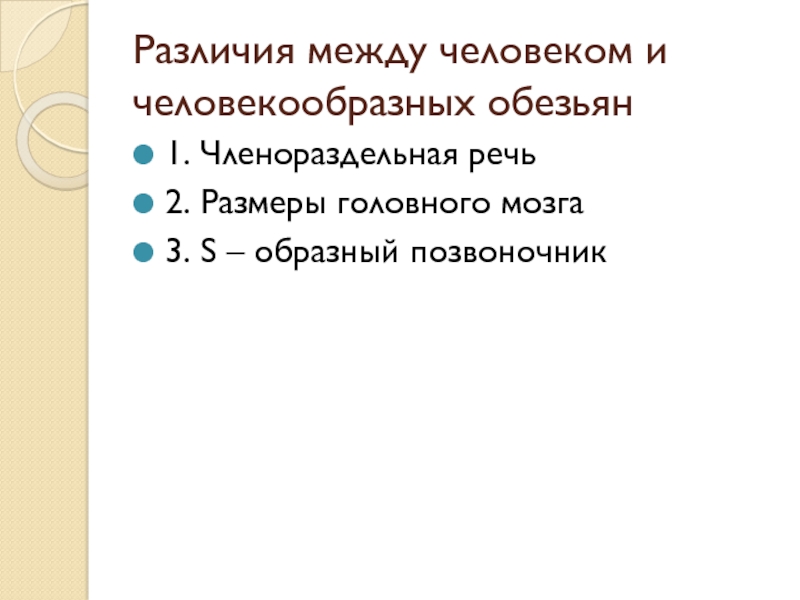Различия между человеком и человекообразных обезьян1. Членораздельная речь2. Размеры головного мозга3. S – образный позвоночник
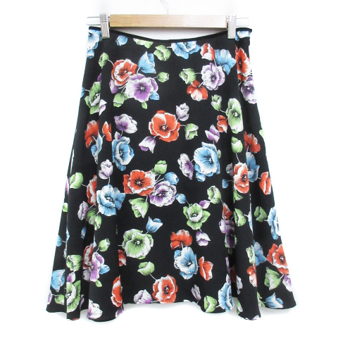 - エル ELLE フレアスカート ひざ丈 花柄 マルチカラー 40 黒 白 ブラック ホワイト /FF44 レディース
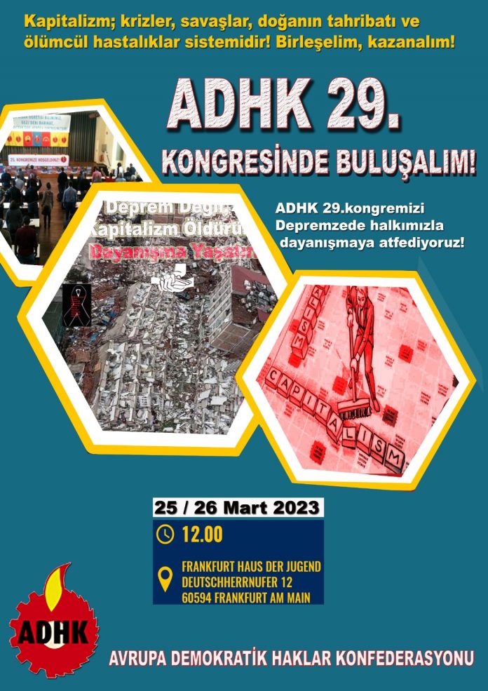 ADHK (Avrupa Demokratik Haklar Konfederasyonu) 29. Olağan Kongresini ‘’Kapitalizm; krizler, savaşlar, doğanın tahribatı ve ölümcül hastalıklar sistemidir. Birleşelim Kazanalım’’ şiarıyla 25 - 26 Mart 2023 tarihleri arasında Frankfurt Haus der Jugend Salonunda gerçekleştirecek.
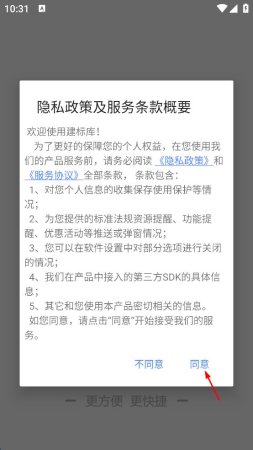 1、打开建标库app,在弹出的隐私政策及服务条款概要界面,找到“同意”按钮,点击该按钮。
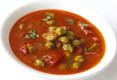 Saute well till you get the aroma then add turmeric powder, red chilli powder, malwani masala,stir,add tomatoes and saute well till oil leaves the sides, then add the steamed green gram and stir well. Add hot water to get the desired consistency,add salt and cook till tender but should bot break.
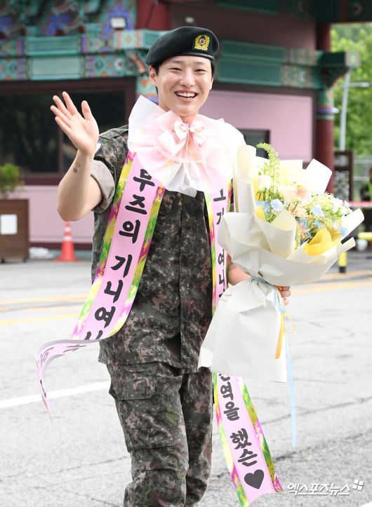 군복 차림의 우즈는 한층 성숙해진 분위기와 단단해진 체격으로 등장했다. 밝은 미소와 씩씩한 경례로 전역을 신고한 그는 “기다려줘서 정말 감사하다”며 팬들을 향해 첫 인사를 전했다.
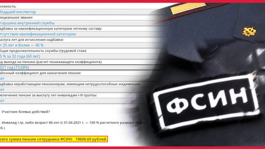 Продолжим расчеты возможных пенсионных выплат представителей силовых ведомств. Какую максимально возможную пенсию сможет получить младший инспектор Федеральной службы исполнения наказаний? Информация с сайта ВОЕННОЕ ПРАВО. Разберемся с основными показателями. Звание — старшина внутренней службы. Выслуга лет в льготном исчислении — 32 года. Календарных лет выслуги — 25. Расчет будем проводить на калькуляторе пенсии ФСИН. Давайте узнаем, какая она — пенсия инспектора ФСИН. Расчет пенсии на калькуляторе...
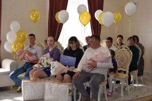 В обновленном зале торжеств отдела загс состоялось мероприятие, посвященное вручению свидетельства о рождении и удостоверения многодетной семьи двум семейным парам района.
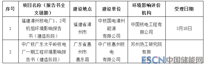據(jù)生態(tài)環(huán)境部官網(wǎng)3月18日消息,生態(tài)環(huán)境部發(fā)布《關(guān)于2019年3月18日建設(shè)項(xiàng)目環(huán)境影響評(píng)價(jià)文件受理情況的公示(核與輻射)》,根據(jù)公示信息,廣東太平嶺核電廠和福建漳州核電廠的核電機(jī)組預(yù)計(jì)在6月份開工建設(shè)。
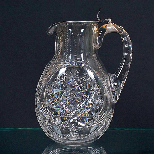 • <b>Jarra </b>em cristal com tampa articulada em metal. Corpo bojudo ricamente lapidado em padrões geométricos e florais em alto-relevo, com alça facetada e bico com acabamento superior em metal. Monograma gravado e datado "25-4-1921".
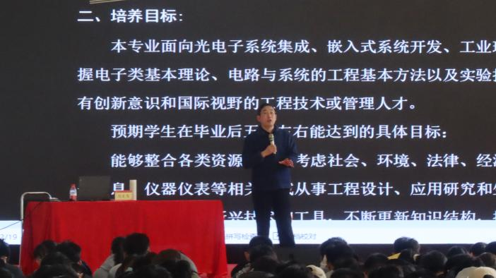的电子科学与技术学科,讲解了本学科的培养目标、专业课程设置、学时(学分)分配以及毕业要求,又从其他多个方面阐述了电子科学与技术学科的优越性。刘院长还向大家介绍了以学生为中心、以成果为导向、持续改进的工程教育认证核心理念。
——————————
Problem to solve » Looking above, find the stretch of lines that opens with the one holding "1、打开建标库app,在弹出" and closes with the one holding "군복 차림의 우즈는 한층". Copy it exactly, pictures excluded.

Response below »
 1、打开建标库app,在弹出的隐私政策及服务条款概要界面,找到“同意”按钮,点击该按钮。
 Saute well till you get the aroma then add turmeric powder, red chilli powder, malwani masala,stir,add tomatoes and saute well till oil leaves the sides, then add the steamed green gram and stir well. Add hot water to get the desired consistency,add salt and cook till tender but should bot break.
 군복 차림의 우즈는 한층 성숙해진 분위기와 단단해진 체격으로 등장했다. 밝은 미소와 씩씩한 경례로 전역을 신고한 그는 “기다려줘서 정말 감사하다”며 팬들을 향해 첫 인사를 전했다.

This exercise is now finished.